Auto-discovery of consensus tags for events

Edward O'Connor

EVDB Inc.

Identity tags v. Descriptive tags

  • When you tag something "etech,"
    • you don't mean "emerging technology,"
    • you mean "Emerging Technology."
  • Tech events (SxSW, ETech, etc.) seem to develop these identity tags
    • via community consensus which emerges organically

Why is this interesting?

  • easily find remote resources related to the event
    • event photos at flickr
    • transcripts / liveblogging
    • podcasts
    • etc.
  • Auto-suggest meaningful, human-generated tags to other humans
  • So let's try to find these tags!

How?

  • Get tags related to the event somehow
  • ...
  • Profit!

1. Get tags related to the event

http://tagcamp.org/ tags at del.icio.us
  • EVDB API gets us the official URL for a tech event
    • e.g.

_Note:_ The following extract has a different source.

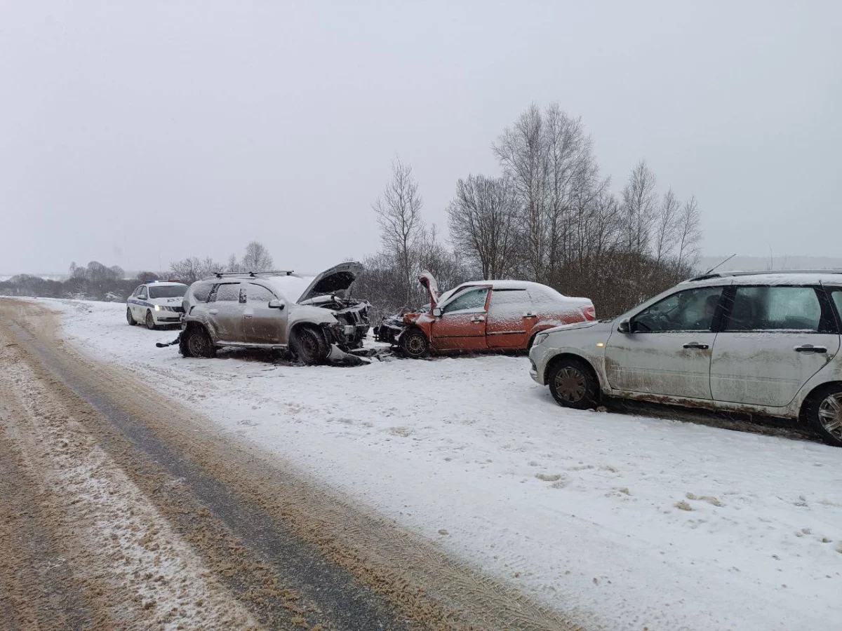 В сложных погодных условиях женщина за рулём автомобиля «Ниссан» не справилась с управлением и столкнулась со встречной «Ладой Грантой» и попутным «MAN» с полуприцепом.

Tag Camp's site is http://tagcamp.org/
  • Get tags of this URL via del.icio.us
  • Technorati API points to blog posts which link to the URL
  • Look in those blog posts for rel="tag"

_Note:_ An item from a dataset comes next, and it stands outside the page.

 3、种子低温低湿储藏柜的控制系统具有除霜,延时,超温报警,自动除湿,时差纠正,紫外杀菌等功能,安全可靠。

2. Filter out the dirty data

  • avoid idiosyncratic data
    • drop tags only appearing once in relation to this URL
    • drop tags only appearing once at all
  • drop tags matching known-to-be-generic "stop words"
    • get to rely on domain knowledge
    • e.g. "technology," "conference"

3. Do some surprisingly easy math

  • We want the tags which often appear with this event, but which don't often appear without the event.
  • fitness = tagshare(tag) / popularity(tag)
    • tagshare: the proportion of (this tag being used for this URL) to (any tag being used for this URL)
    • tag popularity: the proportion of (this tag's occurrences) to (the total number of all tag occurrences)
  • To calculate tag popularity, ask Technorati for global occurrence counts for each tag

So, how did we do?

SxSW, ETech, Tag Camp

  • http://2006.sxsw.com/
    sxsw 19.1%
    interactive 8.8%
  • http://conferences.oreillynet.com/etech/
    etech 5%
  • http://tagcamp.org/
    tagcamp 12.5%
    web2.0 7.9%
    tags 6.8%

Web Essentials, Web 2.0

  • http://we05.com/
    we05 8.3%
    css 7.7%
    web 6.2%
    web2.0 5.3%
  • http://www.web2con.com/
    web2.0 21.6%
    web 7.95%
    internet 6.13%

MacWorld Expo, When 2.0

  • http://www.macworldexpo.com/live/20/
    nothing
  • http://www.release1-0.com/events/When2index.php
    nothing
  • In general, I either
    • found a decent consensus tag for an event, or
    • I didn't find many tags at all related to the event.

Known limitations

  • Only looked at first 100 pages returned by Technorati search
  • No total tag count from del.icio.us, only observed totals for each tag

Reflection

  • Various web APIs came in handy (EVDB, Technorati)
  • rel="tag" microformat makes finding blog tags easy
  • Had to scrape del.icio.us
    • del.icio.us' API is oriented exclusively toward user's own bookrmarks
    • del.icio.us' markup doesn't use rel="tag"

Summary

  • It's relatively easy to find consensus tags
  • You don't need to be a statistician to do it
  • Applications:
    • easier to locate information related to event
    • assist community to converge on consensus tag
    • auto-tagging with human-originated tags

Thanks!

CAUTION: Made with secret alien technology - Lisp!